Ahlème is a spirited and sassy young woman but life for her is tough. She narrates her story without self pity and with a great deal of humour. There are the difficulties of finding work; living in the bled – on a run-down estate where crime is rife - and the constant humiliation of getting up at three o’clock in the morning every three months to go and join a long queue in front of the Immigration Office to renew her paperwork which allows her to stay in France are all recorded with a sangfroid and acceptance of how things are.

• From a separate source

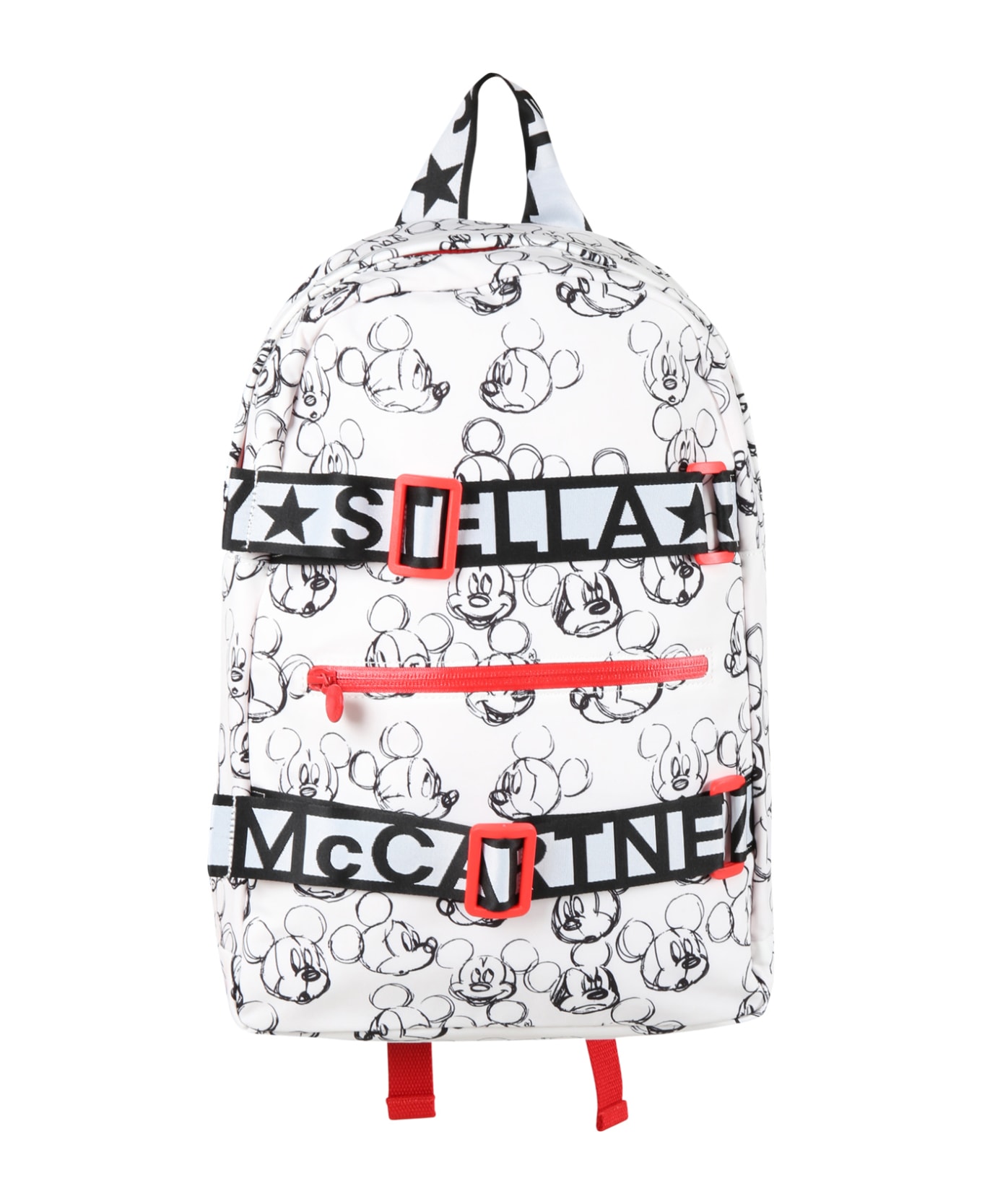 White backpack, made from recycled polyester, with adjustable belts on the front, zipped pocket and zipped closure. It s embellished with all-over Mickey Mouse and logo on the belts. This article is in collaboration with Disney.

There is always a sense of not belonging. Ahlème doesn’t belong in her homeland of Algeria because she has been absent for more than ten years, but neither is she fully legal in France either. Towards the end of her story, Ahlème goes with her dad and brother for a holiday to Algeria to meet the rest of the family. Finally, she feels able to bring the two very different parts of her life together.
As with Just Like Tomorrow, Guène uses urban slang which is adeptly translated by Sarah Ardizzone. There is a helpful glossary of French terms and places together with a Translator’s note on the Slang. This is a gritty novel from a talented young French- Algerian writer.